O Exército tem hoje metade dos efectivos que tinha em 2002 por duas razões principais, que acabam por se conjugar: é cada vez mais difícil recrutar e é cada vez mais difícil reter os militares contratados.

Nas décadas que se seguiram ao 25 de Abril só cumpriu o Serviço Militar Obrigatório quem não lhe conseguiu escapar: jovens de formação indiferenciada e sem acesso a cunha administrativa e um contingente de milicianos com experiência universitária para alimentar o número de efectivos exigido pelos compromissos com a NATO.

O quartel, a linguagem castrense e toda a coreografia militar baseada num jogo de poder hierárquico a roçar a humilhação, herdado de uma tradição de séculos, terá hoje mais a ver com a ficção de um videojogo do que com a realidade de um jovem em início de carreira. Pese embora a adaptação das casernas às mulheres e à participação dos militares portugueses em cenários de guerra como o da Bósnia ou da República Centro Africana, a instituição envelheceu a vários níveis. 

O ramo onde isso é mais evidente é o Exército. A sua imagem não é muito positiva entre os civis, por causa dos excessos com que transforma uma formação numa praxe mortal e da negligência com que lida com os seus paióis. E não é de somenos que o seu orçamento tenha vindo a diminuir aceleradamente e que há anos se defronte com problemas surgidos da passagem do serviço obrigatório à profissionalização.

O Exército tem hoje metade dos efectivos que tinha em 2002 por duas razões principais, que acabam por se conjugar: é cada vez mais difícil recrutar e é cada vez mais difícil reter os militares contratados, porque é uma profissão precária, pouco compensadora financeiramente, que não assegura transição para um emprego civil e porque, convenhamos, existem tarefas mais estimulantes para fazer do que viver nesse microcosmos cloroformizado que é um quartel português no século XXI. 

O resultado, para o qual não existirá solução óbvia nos próximos anos, é relativamente cómico: há capitães que não têm quem comandar por não existirem praças em número suficiente para serem comandadas. O Exército tem razões para exigir do Governo uma atitude mais consentânea com a sua importância e pergaminhos.

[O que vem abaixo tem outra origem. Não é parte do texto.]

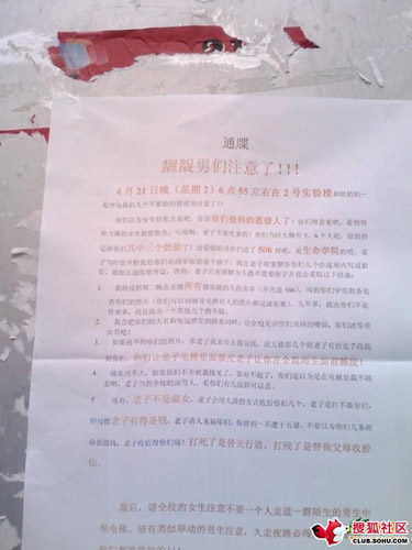 在學(xué)校內(nèi)貼出告示的女生也參與了網(wǎng)絡(luò)回應(yīng),她發(fā)帖表示,自己完全沒(méi)料到此事會(huì)鬧得這么大。只是當(dāng)時(shí)的情形讓她肯定幾個(gè)男生在“耍”她。之后本想找他們說(shuō)清楚,可惜沒(méi)找到人,也沒(méi)辦法聯(lián)系。回寢室后越來(lái)越氣,就在沖動(dòng)下寫(xiě)了那個(gè)告示,“很抱歉我做出了如此不理智的行為,對(duì)于你們名譽(yù)造成的傷害非常抱歉。其實(shí)我根本沒(méi)想真的怎樣,只是嚇嚇(你們)而已,因?yàn)榇_實(shí)是誤會(huì)了。”

O que a instituição tem para pagar em salários é menos 5,23% do que a Assembleia da República aprovou para 2019, quando o Estado assumiu um aumento geral de 3,2% na função pública, e ainda vai ter de pagar às Finanças pelos espaços que ocupa, por ter perdido a isenção que o Estado manteve para escolas, tribunais, hospitais, prisões ou edifícios cedidos à Igreja no âmbito da Concordata. Ainda não é desta que o Exército terá as 4100 praças e os capitães um trabalho a tempo inteiro.